WORK ITEM
Wherever a picture appears in the listing, leave it out, and copy the rest exactly.

DATA PROVIDED
..........

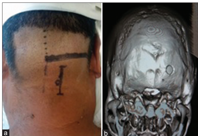
Figure 2: (a) The surgical planning with the vascular anatomic structures in the posterior fossa. (b) 3D reconstruction of CT scan with burr hole at the occipital bone
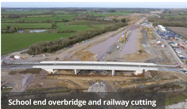
School end overbridge and railway cutting
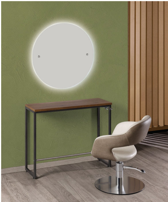
OBERFLÄCHEN IM FOTO: VINTAGE 01

Le immagini sono fornite al solo scopo illustrativo e non costituiscono elemento contrattuale

..........

ANSWER
Figure 2: (a) The surgical planning with the vascular anatomic structures in the posterior fossa. (b) 3D reconstruction of CT scan with burr hole at the occipital bone
School end overbridge and railway cutting
OBERFLÄCHEN IM FOTO: VINTAGE 01

Le immagini sono fornite al solo scopo illustrativo e non costituiscono elemento contrattuale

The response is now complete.